In Virgin River, Robyn Carr has created a huge palette of secondary characters, some of whom get their own future books in the series. I found myself intrigued by Preacher right from the start, and was pleased to find out that his book, Shelter Mountain, is up next. As I mentioned earlier, Jack's teenage protégé, Ricky gets a few scenes from his own point of view. Normally, I wouldn't be too thrilled about a teenage love affair, and although it did give me pause, I really think the things Ricky experienced helped him to grow up and show the kind of man he's going to become. He may have lost his head in the heat of the moment, but underneath it all, he's a very responsible young man who doesn't take his actions lightly. I'll be interested to read more about him and Liz in Paradise Valley. Doc is quite the crusty old coot, but underneath it all, he has a good heart, and a certain charm in spite of his stubbornness and sharp tongue. Mel always gives back as good as she gets anyway. What little I saw of them, I really liked Jack's Marine buddies too. The two remaining single guys in the group get stories later in the series: Mike Valenzuela, paired with Jack's sister, Brie Sheridan (Whispering Rock) and Paul Haggerty (Second Chance Pass). For readers who aren't aware, the Virgin River series is a spin-off of Grace Valley, and although I haven't read that series, I suspect several of the characters from it made an appearance in Virgin River, particularly the main couple, June Hudson and Jim Post. This doesn't even include all the numerous townspeople from Virgin River and the surrounding countryside and other communities. Sometimes it was hard keeping track of all of them, so I hope Robyn Carr utilizes them in future books instead of creating dozens of new characters each time, or I might get really confused.;-)
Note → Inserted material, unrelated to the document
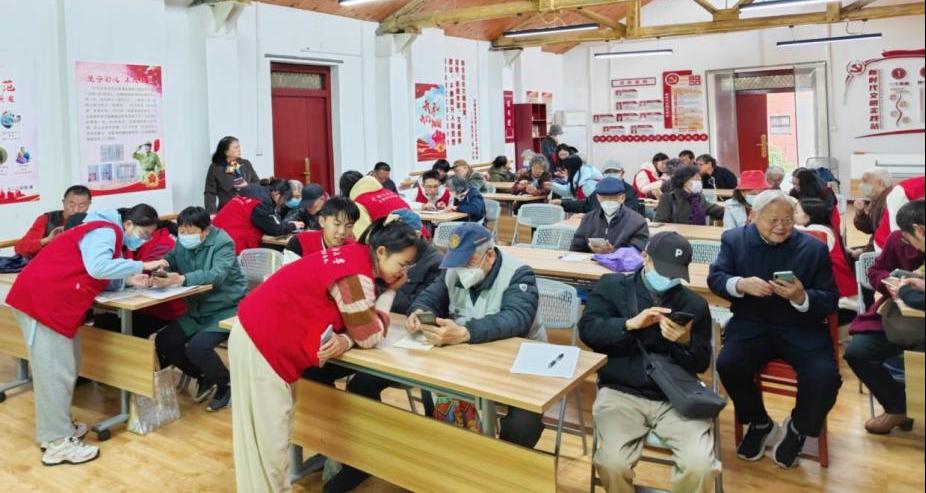 图为“防范养老诈骗,守好‘养老钱’”活动,老年人与志愿者共同演绎诈骗情景剧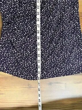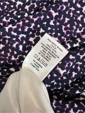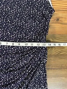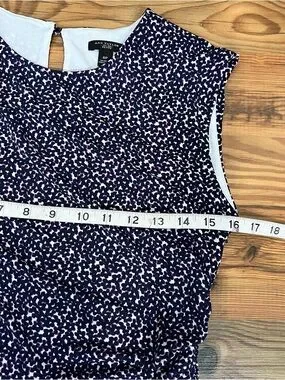 Sleek Ann Taylor sheath dress in navy with small white speck print. Cap sleeves and a crew neckline. Subtle side ruching for a tailored silhouette. Smooth, stretchy fabric that skims the body. Easy dress for office or events.

Virgin River may not have grabbed me the way I thought it would, but aside from a few slow parts it did keep me fairly well engaged and entertained. I really like stories that take place in small communities, and I think that Robyn Carr did a good job of building that slow pace of life and everybody-knows-everybody-else vibe. It's like everyone in Virgin River is one big family always ready to lend a helping hand, and then Jack's Marine buddies were like yet another different kind of family. It all reminded me of pioneer life on the frontier where everyone pitched in to survive which is something I always enjoy reading about. I liked the medical drama that came with Mel's job, and many of the supporting characters caught my interest. Even though I had several issues with Virgin River, particularly the romance and Mel, it was still a good story that I would recommend. I'm hoping that perhaps it was just suffering from the dreaded first-in-a-series syndrome where a lot of time is spent building the settings and characters, and that the future books will be stronger on the romance and relationship building. The overarching plot drew me in enough to make me look forward to continuing the Virgin River series, and wonder what the future might hold for all the new characters that I had the privilege of meeting in this book. There are currently 11 novels and short stories in the Virgin River series. I just read that there are three more books planned for release in 2011. Readers can visit Robyn Carr's website for the latest news and recommended reading order.